→ **Exercise description**: The lines wanted are those from the one containing "Бронировали на букинге." to the last line of the entries below; output them exactly, leaving out pictures.

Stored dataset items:
★ ★ ★ ★ ★ ★ ★

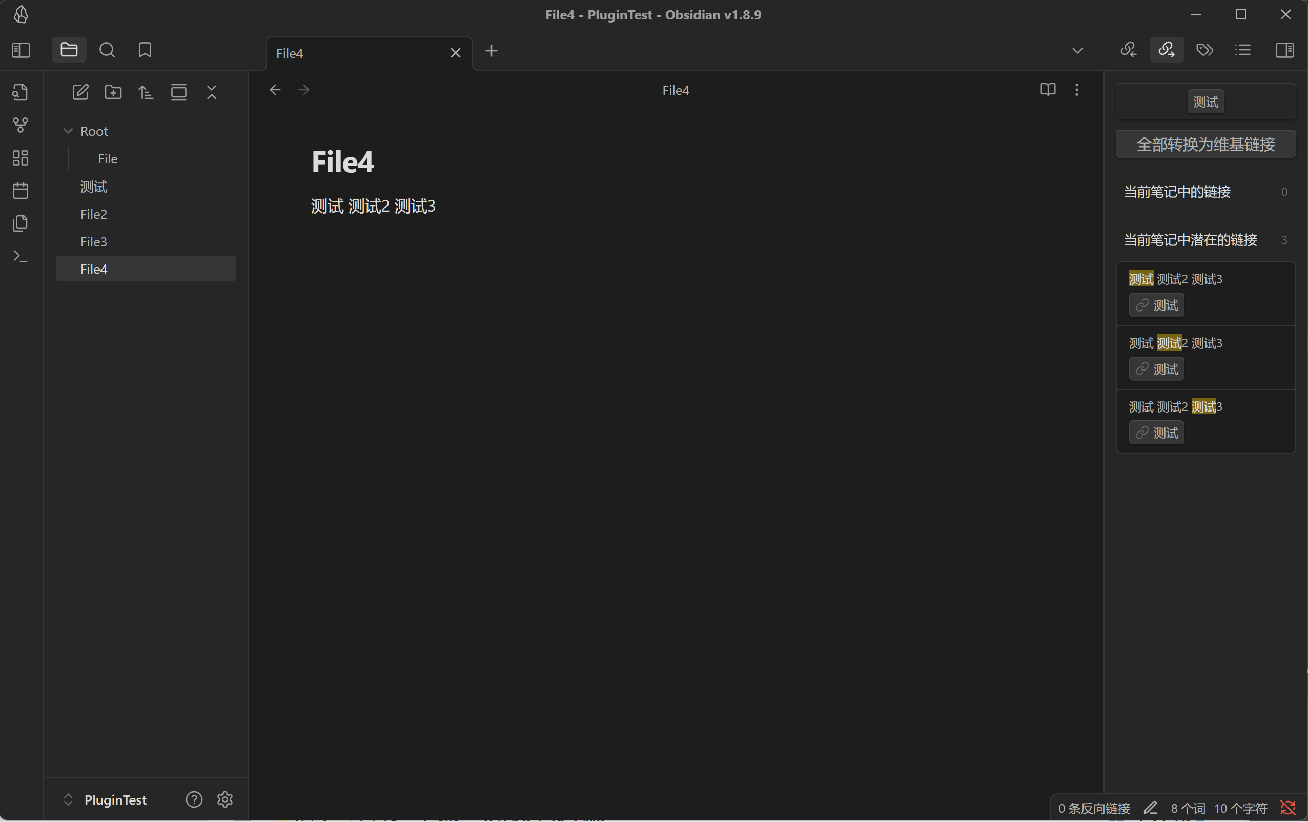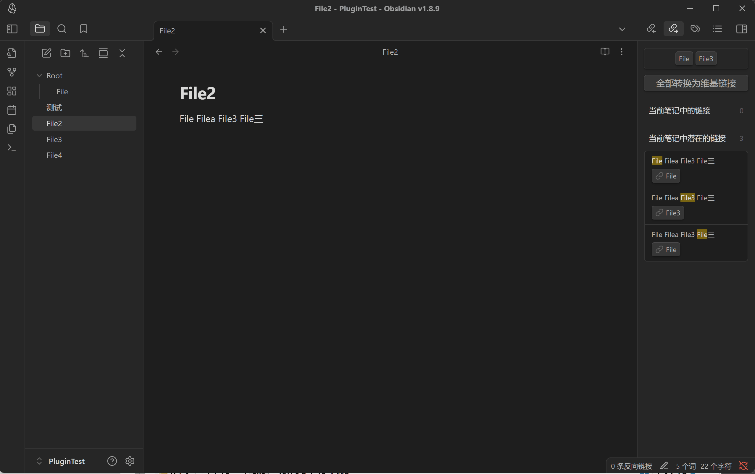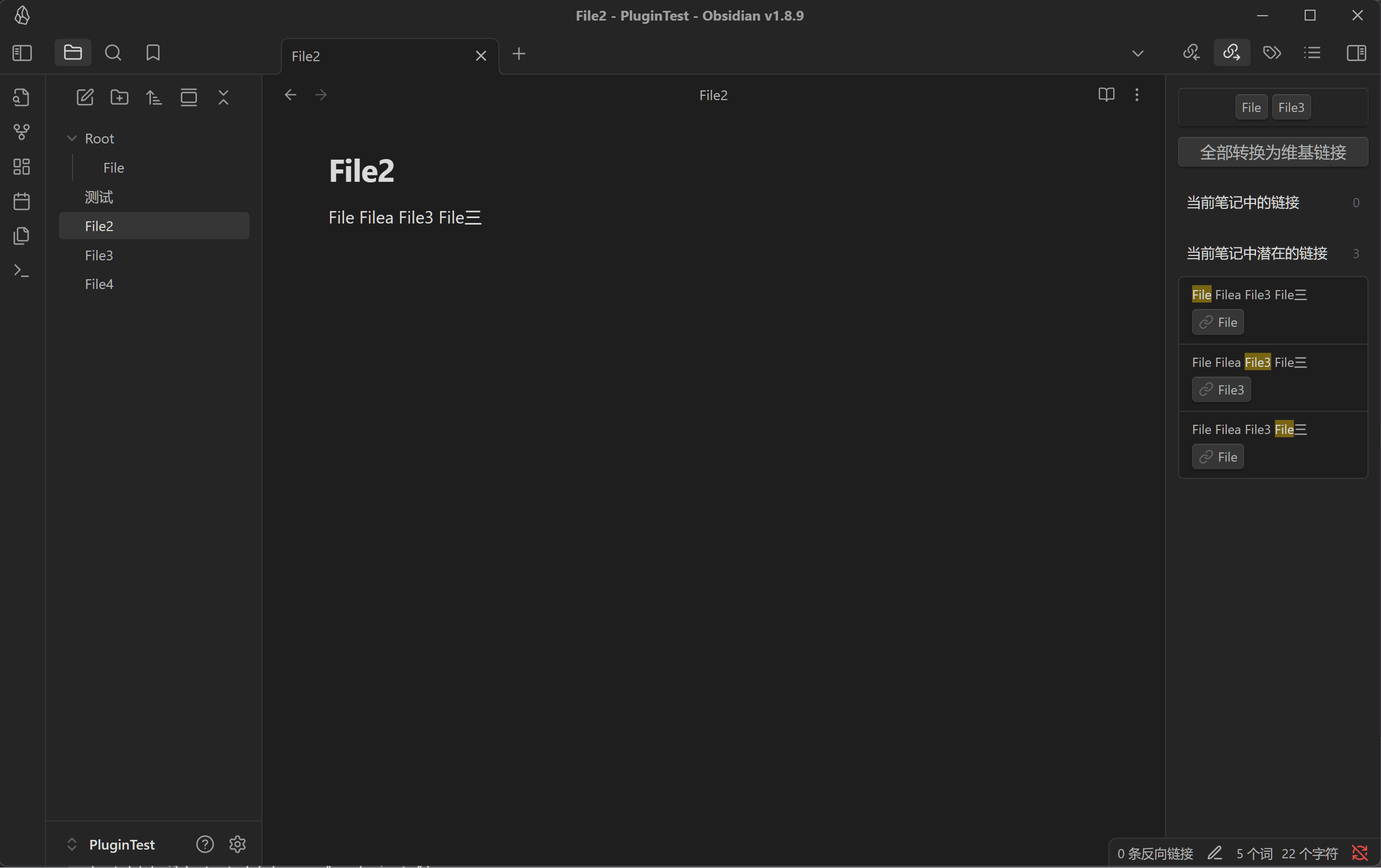 一步维基链接是一个 Obisidian 插件,它可以让你在编辑器中一步转换当前打开的文档中匹配的维基链接(出链链接)。
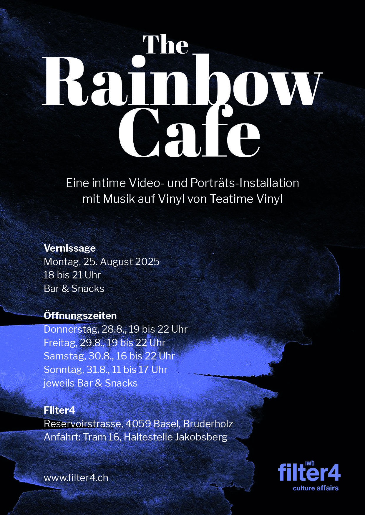 Vernissage Montag, 25. August 2025 18 bis 21 Uhr Bar & Snacks Öffnungszeiten Donnerstag, 28.8., 19 bis 22 Uhr Freitag, 29.8., 19 bis 22 Uhr Samstag, 30.8., 16 bis 22 Uhr Sonntag, 31.8., 11 bis 17 Uhr jeweils Bar & Snacks
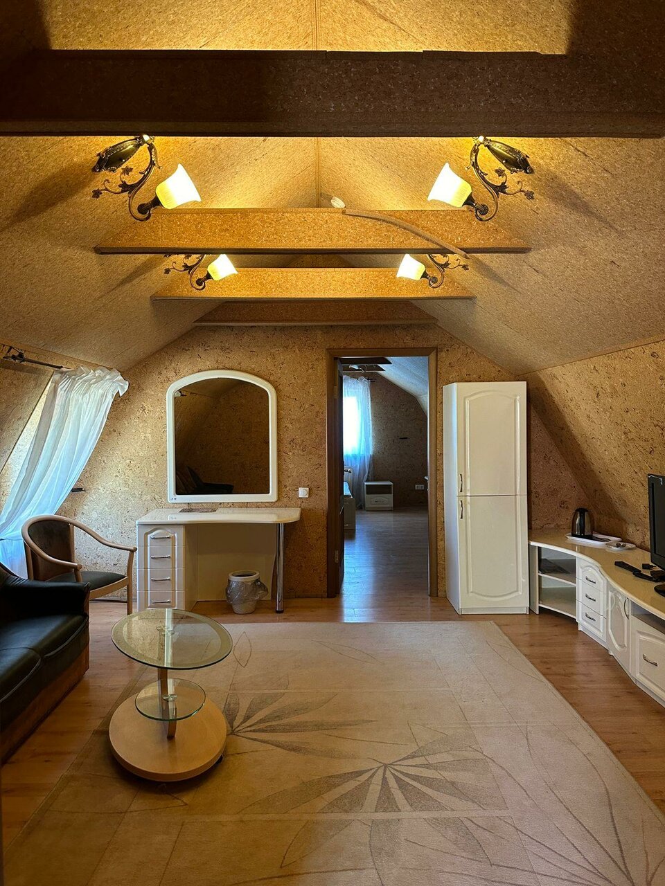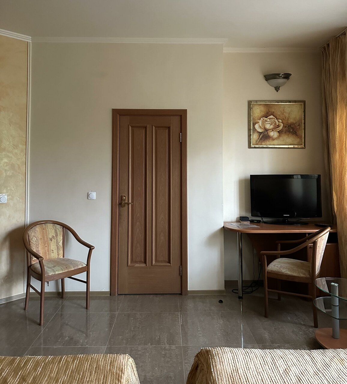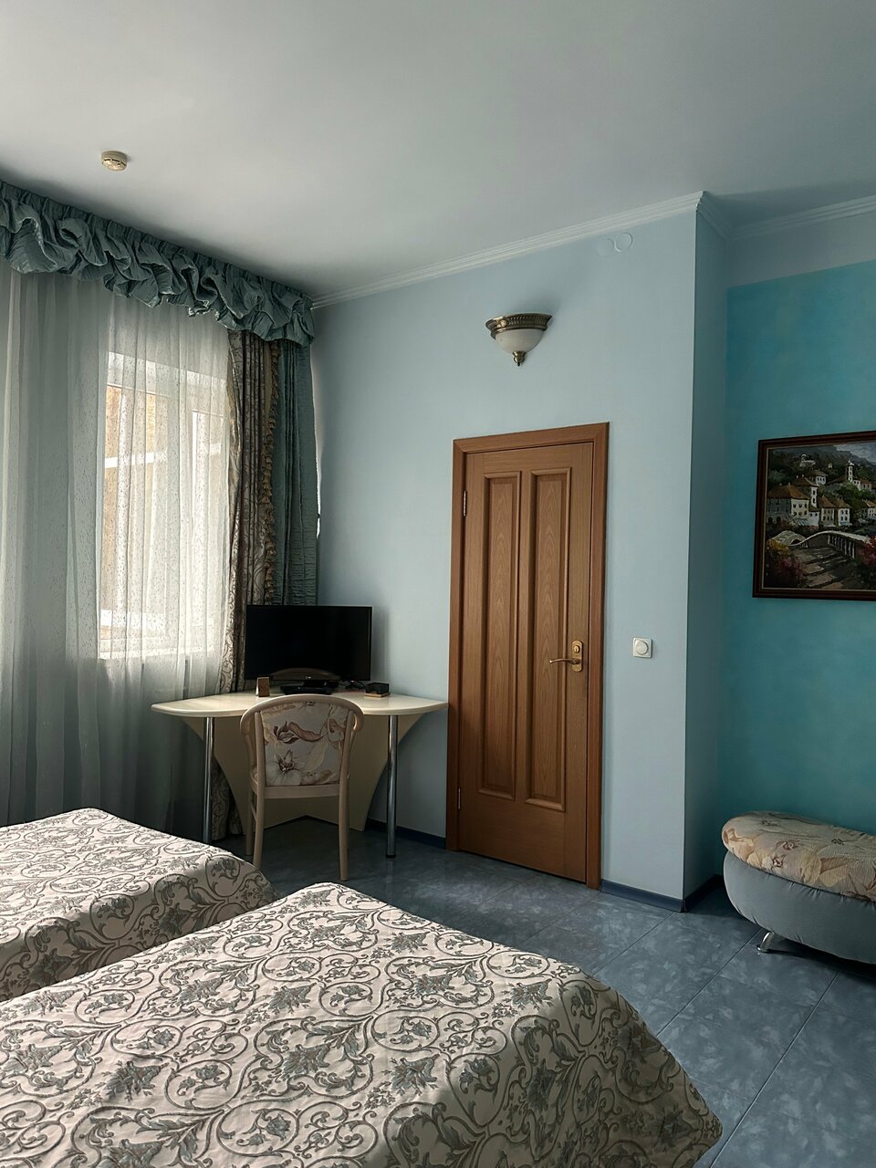 Бронировали на букинге. Номер соответствовал фото. Заявлены были халаты, но он был один. Комплект полотенец тоже один. Пришлось просить второй. Полотенца пахнут сыростью, прелым. В номере муж починил шкаф дверцу и кровать. В корпус куда нас поселили не было горячей воды на третий день отключили холодную. Нас переселили в первый корпус муж настроил телевизор ремонтировал штекер кабеля, снова пришлось просить полотенца и пододеяльник халатов, фена заявленых в букинге не было . В номерах за 5 дней ни разу не убирались. При заселении грязный унитаз, бычок за кроватью. За те деньги, что заплатили сервис соответствует. Вид из окон никакой. В номере есть холодильник.
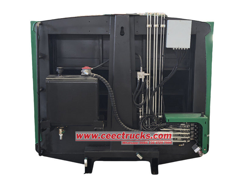 ● A carregadeira é um componente fundamental da estrutura do caminhão de coleta de lixo. Ela consiste na carroceria da carregadeira, na placa de deslizamento e na lâmina raspadora, todas construídas em aço de alta resistência para maior durabilidade.
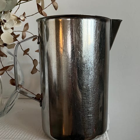 Harmaa 0,5 litraa, korkeus n.13 cm, suuaukon halkaisija n.8 cm.
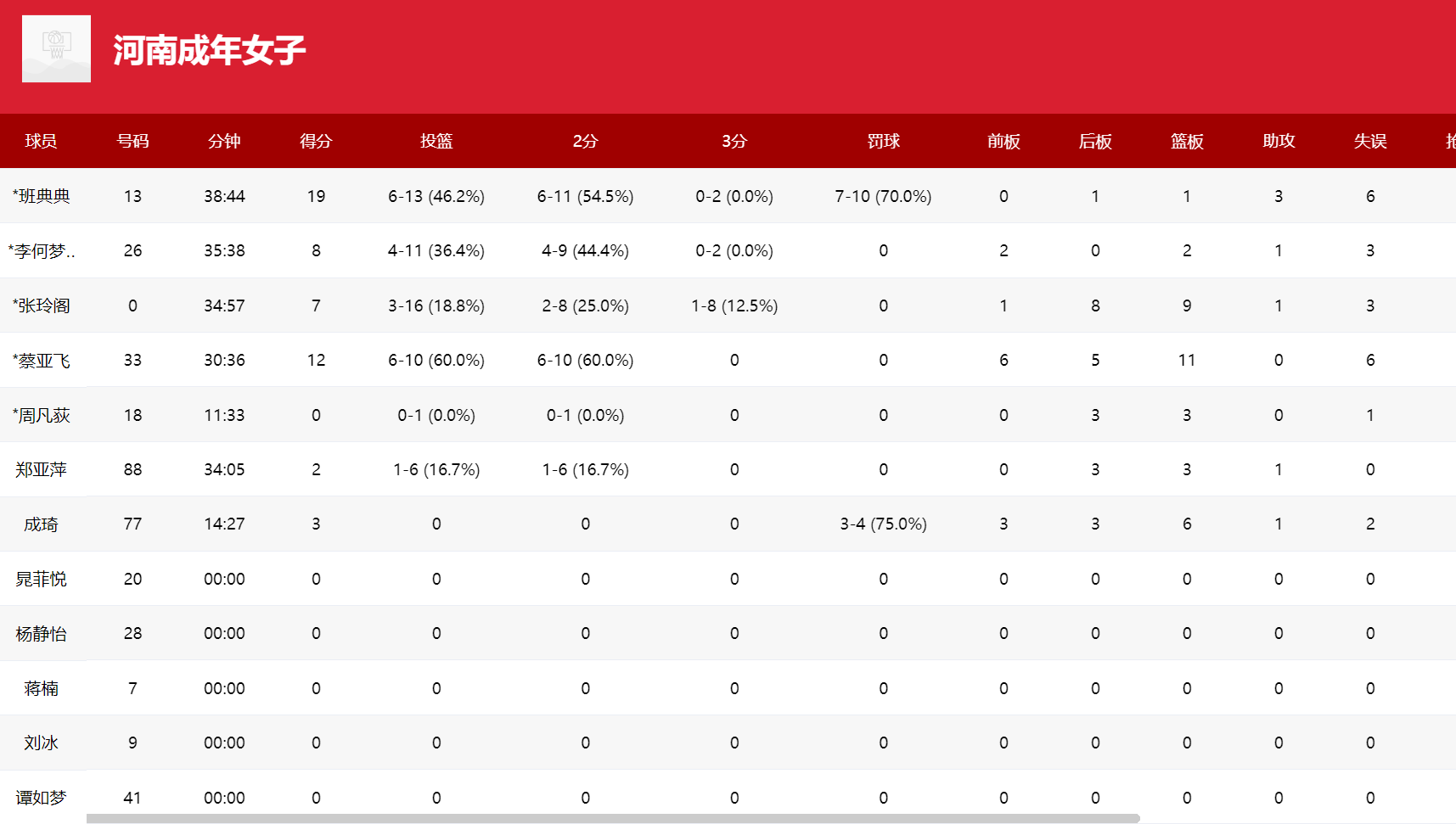 河南女篮:班典典19分3助,蔡亚飞12分11板,李何梦丹8分。

★ ★ ★ ★ ★ ★ ★

→ **Result for this exercise**:
 Бронировали на букинге. Номер соответствовал фото. Заявлены были халаты, но он был один. Комплект полотенец тоже один. Пришлось просить второй. Полотенца пахнут сыростью, прелым. В номере муж починил шкаф дверцу и кровать. В корпус куда нас поселили не было горячей воды на третий день отключили холодную. Нас переселили в первый корпус муж настроил телевизор ремонтировал штекер кабеля, снова пришлось просить полотенца и пододеяльник халатов, фена заявленых в букинге не было . В номерах за 5 дней ни разу не убирались. При заселении грязный унитаз, бычок за кроватью. За те деньги, что заплатили сервис соответствует. Вид из окон никакой. В номере есть холодильник.
 ● A carregadeira é um componente fundamental da estrutura do caminhão de coleta de lixo. Ela consiste na carroceria da carregadeira, na placa de deslizamento e na lâmina raspadora, todas construídas em aço de alta resistência para maior durabilidade.
 Harmaa 0,5 litraa, korkeus n.13 cm, suuaukon halkaisija n.8 cm.
 河南女篮:班典典19分3助,蔡亚飞12分11板,李何梦丹8分。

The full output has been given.